#### [BRIEF]
The copy must hold exactly the lines from the one with "Маршрут круиза: Лонгийр" through the end of the listing below, and nothing else, with no pictures.

#### [SOURCE DATA]

____________

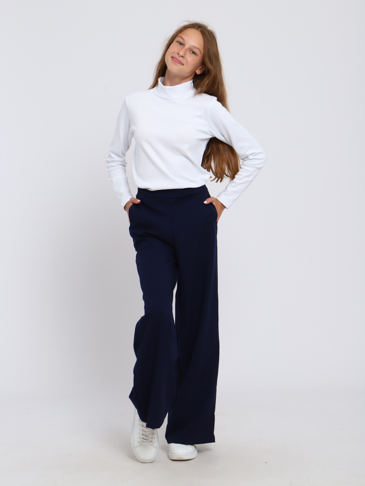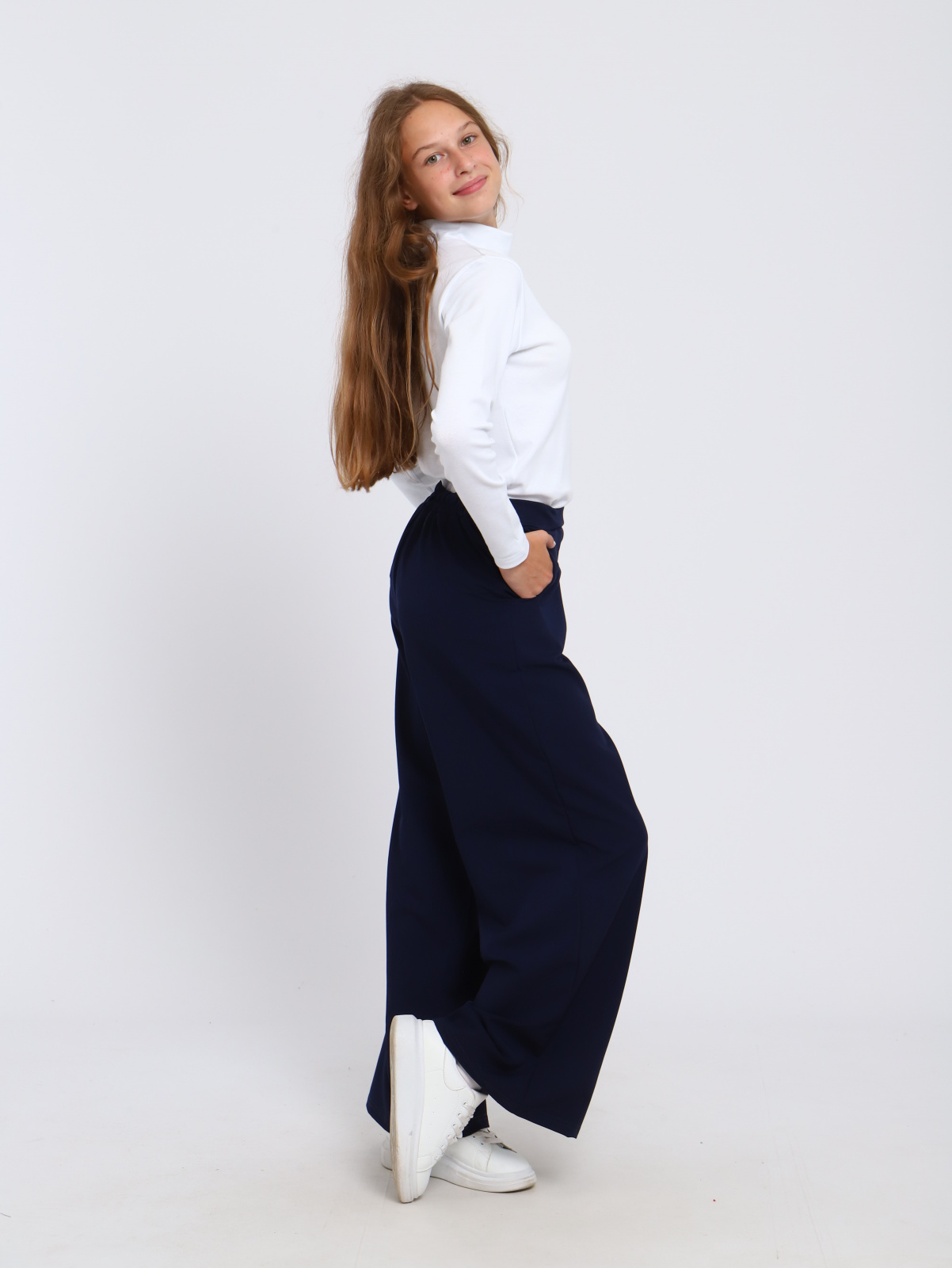 Классические брюки палаццо свободного кроя для девочек - это практичный вариант, который идеально подойдет для школьной формы. При этом, благодаря своему современному и актуальному дизайну, они станут отличным выбором не только для школы, но и для прогулок с подругами.
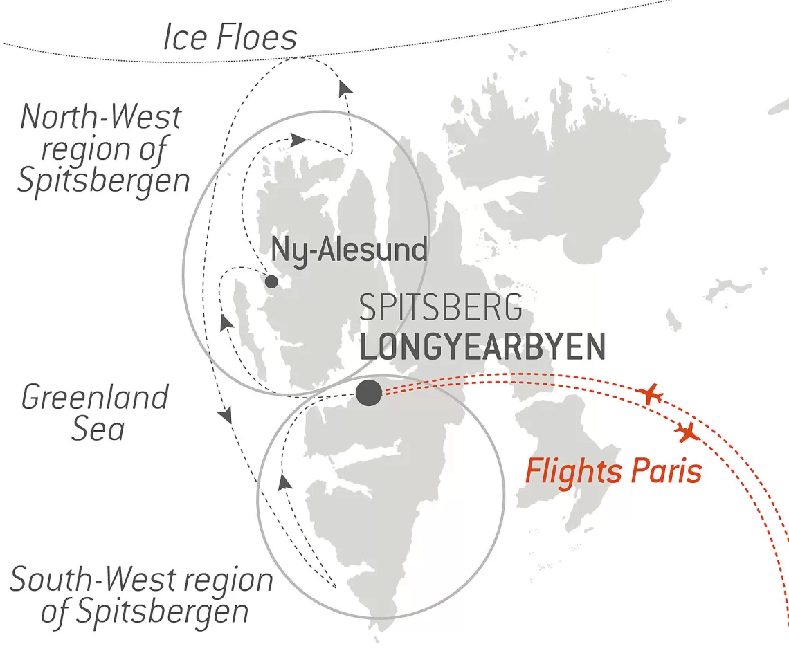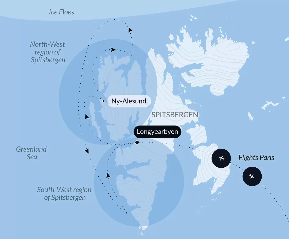 Маршрут круиза: Лонгийр - залив Самаринваген - залив Варсолбукта - проход среди льдов - Лифдефьорд - Раудфьорд - Ню-Олесунн - Лонгийр
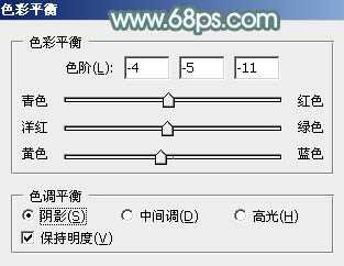 9、创建色彩平衡调整图层,对阴影,高光进行调整,参数及效果如下图。这一步给图片高光部分增加淡黄色。
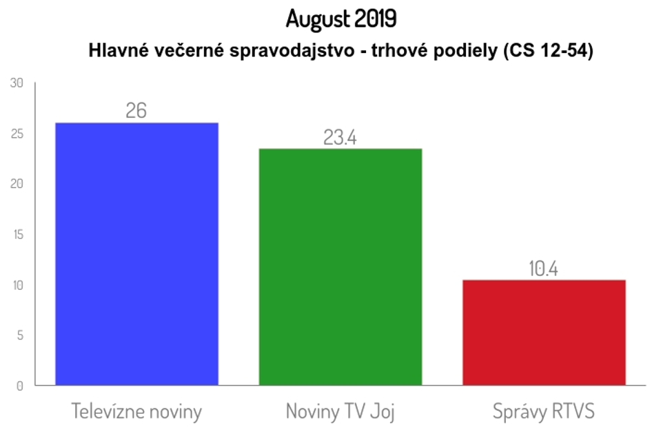 Výborné výsledky sledovanosti zaznamenala v auguste 2019 aj hlavná spravodajská relácia Televízne noviny. V obchodnej cieľovej skupine 12-54 dosiahla priemerný rating 5,6 % a trhový podiel 26,0 %.
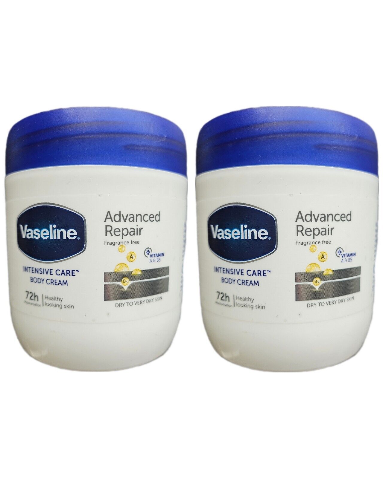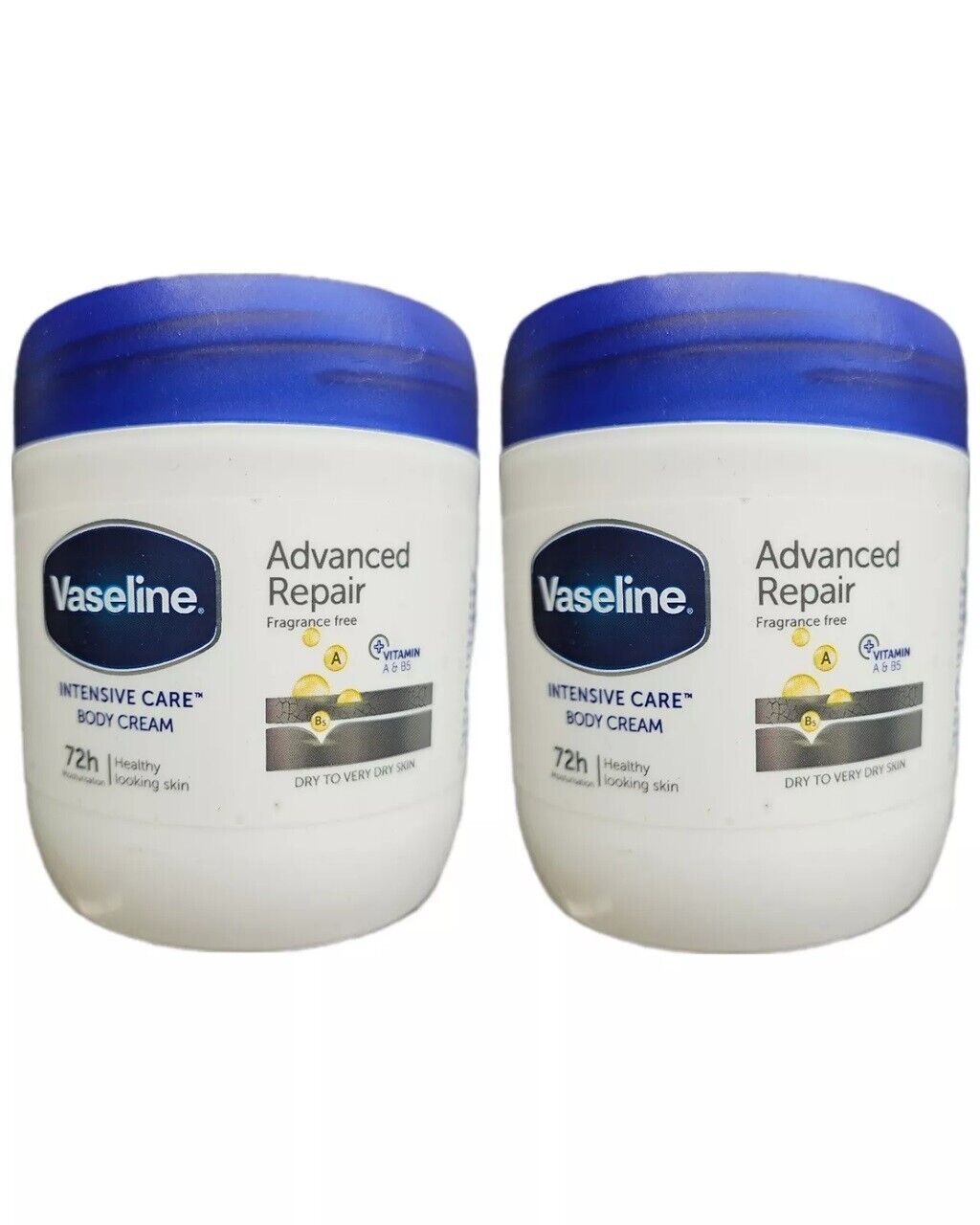2 X Vaseline Intensive Care Body Cream Advanced Repair Fragrance Free 400ml.

____________

#### [RESPONSE]
 Маршрут круиза: Лонгийр - залив Самаринваген - залив Варсолбукта - проход среди льдов - Лифдефьорд - Раудфьорд - Ню-Олесунн - Лонгийр
 9、创建色彩平衡调整图层,对阴影,高光进行调整,参数及效果如下图。这一步给图片高光部分增加淡黄色。
 Výborné výsledky sledovanosti zaznamenala v auguste 2019 aj hlavná spravodajská relácia Televízne noviny. V obchodnej cieľovej skupine 12-54 dosiahla priemerný rating 5,6 % a trhový podiel 26,0 %.
2 X Vaseline Intensive Care Body Cream Advanced Repair Fragrance Free 400ml.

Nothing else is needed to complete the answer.